Я схватил подсачек, да в спешке столкнул в воду удочки.
— Ить, шарага! — откровенно обругал меня Рыбак. — Тут шевелиться надо!
В зеленой глуби, подобно сиянию протуберанца, сверкала боками крупная и, должно быть, необыкновенно проворная рыба. Я подвел сачок — не тут-то было! Зеркально вспыхнув, рыбина стремительно метнулась под лодку.
— С другой стороны сачь!
Вытянув удилище, Рыбак попытался обвести рыбину вокруг кормы. Но что такое — она не подается ни взад, ни вперед! Дернул леску раз, другой и обморочным голосом сообщил:
— Привязалась…
— Как привязалась?! — забило и меня мелкой дрожью.
— К веревке… с грузом…
Я перегнулся через борт — и перед самыми глазами увидел плашмя лежащего с лопату шириной леща. Уже сморенный борьбой, он слабо колыхался, и от него расходились в стороны блики.

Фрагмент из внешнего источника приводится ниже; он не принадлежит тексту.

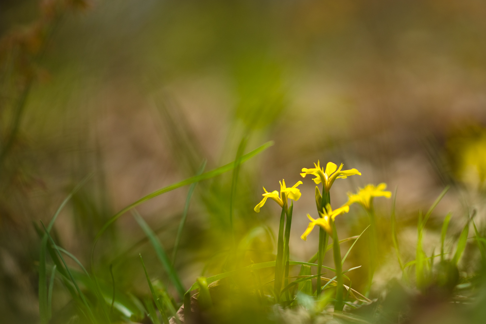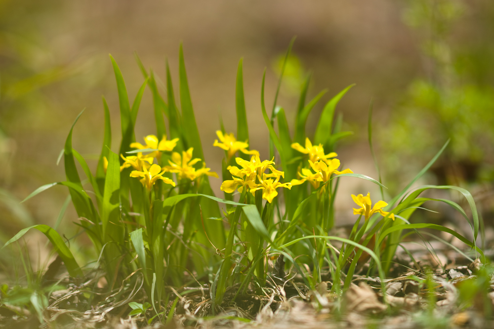 꽃 : 꽃은 4~5월에 황색으로 피꽃은 4~5월에 황색으로 피고 화경은 곧추 서있고 끝에 2개의 포가 1개의 꽃을 싸는 정생화서이며 꽃의 지름은 2~3.8cm이고 포는 선상 피침형으로 길이 5.3~8cm이다. 외화피는 장 도란형 또는 주걱모양으로 길이 2~2.7cm이고 끝이 파진다. 내화피편은 도피침형으로 길이 1.5~2.3cm이고 곧추 선다. 암술대는 갈라지고 자방의 횡단면은 3각상이다.

Я снова запустил сачок, склонился за борт еще ниже и, изловчившись, зачерпнул рыбину. Захлестнул мотню, оборвал леску…
Мы так и плюхнулись оба на дно лодки от внезапной усталости и нервного напряжения. Перед нами, запеленатый в сачке, лежал лещ. Немного успокоившись, Рыбак соскреб ногтями прилипшую к доске чешуйку, протянул мне. Чешуйка была не меньше трехкопеечной монеты…
— Вот она, Расея-матерь! — со значением сказал Рыбак. — Привалит же такое счастье! — Он расстегнул воротник рубахи, зачерпнул ладошкой воды и плеснул на грудь. — Нет ли у тебя какой таблетки? Дух что-то запирает…
Больше поклевок не было. Лещ, лениво раздувая полумесяцы-жабры, стоял в просторном садке, и мы то и дело поглядывали на него. Казалось бы, какая уж невидаль, просто рыба, да еще лещ, а душа ликовала и пела, будто мы и в самом деле стали обладателями невесть какого сокровища.
Так оно, пожалуй, бывает у всех рыбаков.
Вечером мы долго сидели у костра. Солнце опустилось за горы, и широкая, во весь горизонт, заря яркой киноварью высветила небосклон. На пригорке, словно врубленные в зарю, монументально высились сосны. Зоревой свет, казалось, струился из-за гор, алой, нежной акварелью подрисовывая извилистые контуры далеких, как бы отодвинувшихся берегов, остров Вороний и парус знакомой яхты, теперь весь розовый, неподвижно застывший на синей мерцающей глади.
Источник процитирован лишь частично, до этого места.